Banking heavyweights dominate the first week of the season. JPMorgan Chase reports on Wednesday night. Goldman Sachs, Wells Fargo, Morgan Stanley and Citigroup follow on Thursday. Bank of America reports next Monday. Tomorrow night’s consumer inflation report also looms as a potential hurdle.
Back home, the most likely market-mover is Thursday’s March employment report. Economists expect the jobless rate to tick down to 3.9 per cent from 4 per cent in February, continuing the recent trend.
Other highlights this week include: monthly business confidence, weekly consumer confidence (Tuesday); and monthly consumer sentiment, quarterly building activity (Wednesday). China releases inflation figures at 11.30 am AEST today.
The four-day Easter break may prompt some judicious pruning of positions towards the end of the week. Wall Street takes Friday off, but does not recognise Easter Monday as a holiday, meaning US markets will trade twice before the ASX reopens on Tuesday.
Iluka Resources holds its annual general meeting on Wednesday. Bank of Queensland releases half-year earnings on Thursday. Quarterly reports will start to dribble in this week.
IPOs: a slower week coming up after last week’s flurry of new listings. There are just three companies hoping to get off the mark this week: Firetail Resources and Narryer Metals on Wednesday, and Osmond Resources on Thursday.
The dollar declined for a third session, trading at 74.56 US cents this morning after hitting 76.62 cents on Tuesday.
Oil rebounded at the end of a losing week. Brent crude settled US$2.20 or 2.2 per cent ahead at US$102.78 a barrel. The recovery trimmed the global benchmark’s loss for the week to 1.5 per cent.
Buying interest cooled last week as the Shanghai Covid lockdown dented Chinese demand and after the White House and International Energy Agency announced substantial releases from strategic reserves.
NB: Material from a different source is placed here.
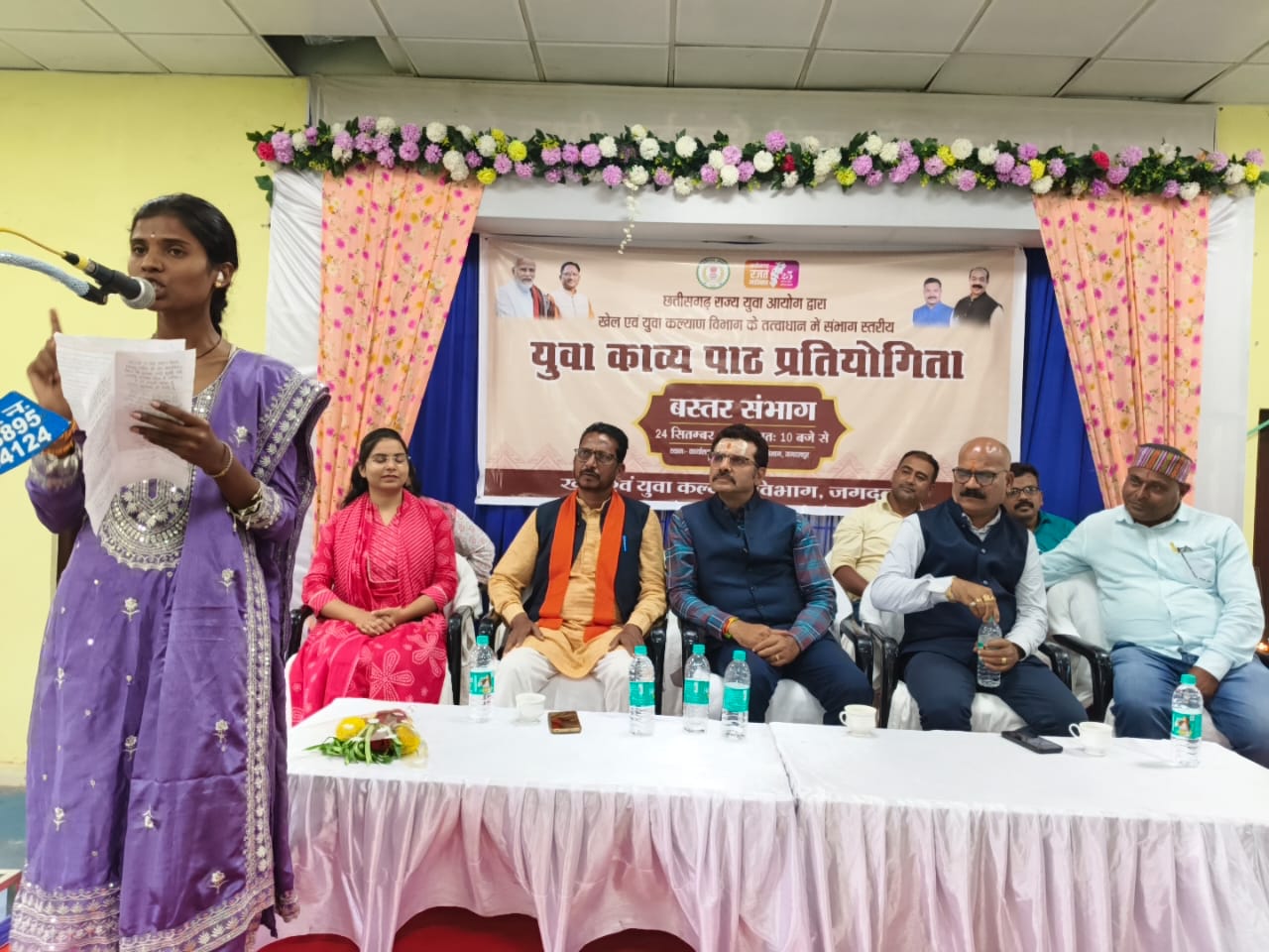 छत्तीसगढ़ राज्य के रजत जयंती महोत्सव के अवसर पर आज राज्य युवा आयोग द्वारा खेल एवं युवा कल्याण विभाग के तत्वावधान में बस्तर संभाग स्तरीय युवा काव्य पाठ प्रतियोगिता का आयोजन किया गया। कार्यक्रम खेल एवं युवा कल्याण विभाग के जगदलपुर कार्यालय परिसर में हुआ। प्रतियोगिता में संभाग के सभी जिलों से आए प्रतिभावान युवा कवियों ने अपनी मौलिक एवं प्रेरणादायी कविताओं का पाठ कर सभी को मंत्रमुग्ध कर दिया। मंच पर देशभक्ति, सामाजिक सरोकार, युवा सशक्तिकरण, पर्यावरण संरक्षण और नई पीढ़ी के उज्जवल भविष्य जैसे विषयों पर प्रस्तुत कविताओं ने श्रोताओं की खूब सराहना बटोरी। कार्यक्रम के दौरान महापौर संजय पांडे ने स्वरचित कविता- युवा हैं हम, जोश और ऊर्जा की नहीं हममें कमी, आओ हम सब मिलकर नए भारत के निर्माण में सहचर बनें, ये जवानी, हमारी रचनाएं ऊर्जा देश के काम आए, नई पीढ़ी में जोश जगाए। प्रतिभागियों का उत्साहवर्धन करते हुए महापौर संजय पाण्डेय ने कहा कि कविता समाज के विचारों को अभिव्यक्त करने का सशक्त माध्यम है। इस तरह की प्रतियोगिताएं न केवल युवाओं में साहित्यिक अभिरुचि को प्रोत्साहित करती हैं, बल्कि उन्हें समाज के प्रति संवेदनशील और जागरूक नागरिक बनने के लिए भी प्रेरित करती हैं।

Iron ore capped a downbeat week with another down-leg on Friday. The spot price for ore landed in China declined US$1.14 or 0.7 per cent to US$155.50 a tonne. For the week, the spot price fell US$4.48 or 0.8 per cent amid weak demand during a two-day public holiday and with Shanghai in lockdown.
BHP‘s US-traded depositary receipts gained 0.41 per cent. The miner’s UK stock jumped 2.16 per cent. Rio Tinto eased 0.71 per cent in the US after rising 0.82 per cent in the UK.
Gold sealed a resilient week with an up-tick on Friday despite headwinds that included rises in the greenback and US treasury yields. Metal for June delivery settled US$7.80 or 0.4 per cent higher at US$1,945.60 an ounce. For the week, gold improved 1.1 per cent.
“Despite the spike in volatility seen elsewhere this week as a result of the hawkish Fed shift, gold has been unmoved,” Craig Erlam, senior market analyst at Oanda, wrote.
Industrial metals were mixed as investors weighed soft demand from China, supply-chain issues fuelled by war embargoes on Russia and speculation about Chinese stimulus measures.
Benchmark copper on the London Metal Exchange dipped 0.1 per cent to US$10,304.75 a tonne. Aluminium shed 0.3 per cent. Nickel improved 0.5 per cent, lead 0.6 per cent, zinc 2.5 per cent and tin 0.5 per cent.